The Edge of Fear: Free Solo Mentality

In this episode...

At the age of sixty-six, Dierdre Wolownick became the oldest woman to climb El Capitan, the iconic 3,200-foot granite “big wall” in Yosemite National Park. For her this wasn’t just any climb. Yes, The Captain is perhaps the most prized big wall climbs in the world. It was in June that same year that Dierdre’s son Alex Honnold stunned and terrified the world by climbing without ropes—a free solo assent—this vertical wall that rises one half mile out of the earth in Yosemite National Park.

A special club

Alex is no stranger to making news for his death-defying ability to speed climb routes, without protection, that give other expert climbers nightmares. Dierdre’s son is indeed a rock climber in a special club: He’s still alive. Says Honnold’s friend and rock climbing legend Tommy Caldwell, “All the other free solo climbers in the world are dead.”

"Down-to-earth?" or "crazy?"

Add this all together and you get the media sensation of Honnold, a paradox that his friends and family know couldn’t be more opposite of his aloof and down-to-earth personality. National Geographic’s blockbuster documentary, Free Solo, of Honnold’s assent of the Freerider route of El Captain, won 7 Emmy’s and an Academy Award for best Documentary Feature in 2019. I speak with Alex’s mom, Dierdre, to deconstruct the public’s polarized reaction to her son’s lifestyle.
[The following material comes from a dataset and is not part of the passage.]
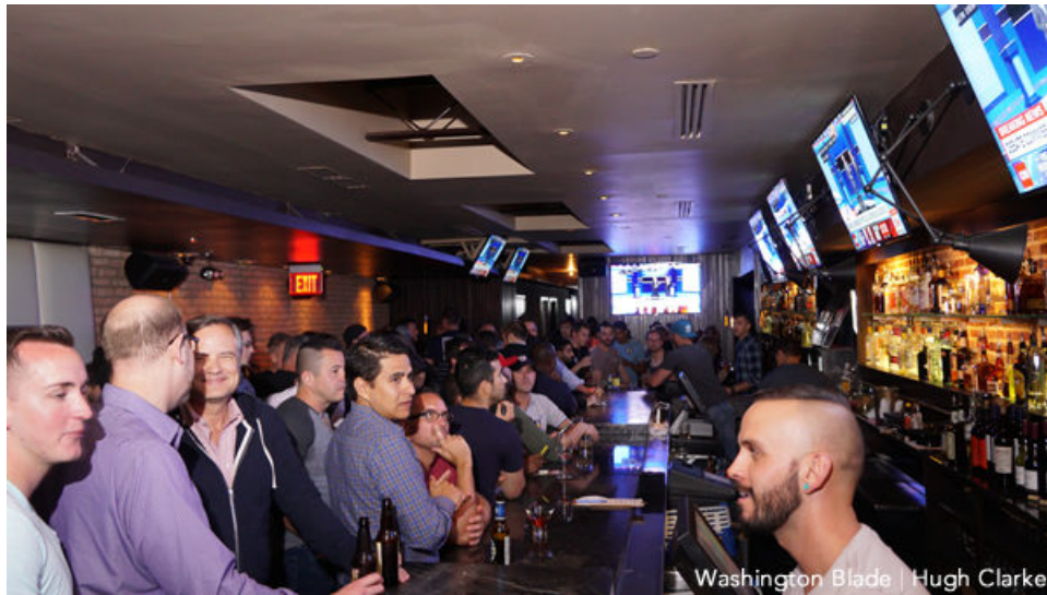
Number Nine

A Blade "Best Of" ping-pong game — A repeat of the 2017 outcome after flip-flopping last year!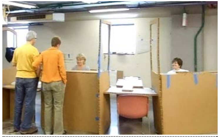
Team simulating a reception design concept

Dierdre Wolownick’s book The Sharp End of Life is about blossoming, about her own life as a woman in a family of rock-like stoicism and about finding crevasses from which to climb toward who you’re really meant to be.

Alone on the Wall

Should we see Honnold’s climbing as reckless? A sophisticated dance with passive-aggressive self-harm? Or does our strong emotional reaction to his mastery and success in this solitary sport say more about our own denial of the risks we take every day flying in airplanes, living with firearms, or any number of questionable health and dietary choices we make. Do we envy Alex’s clarity and focus and lack his courage to squarely face our own limitations and accept our own mortality?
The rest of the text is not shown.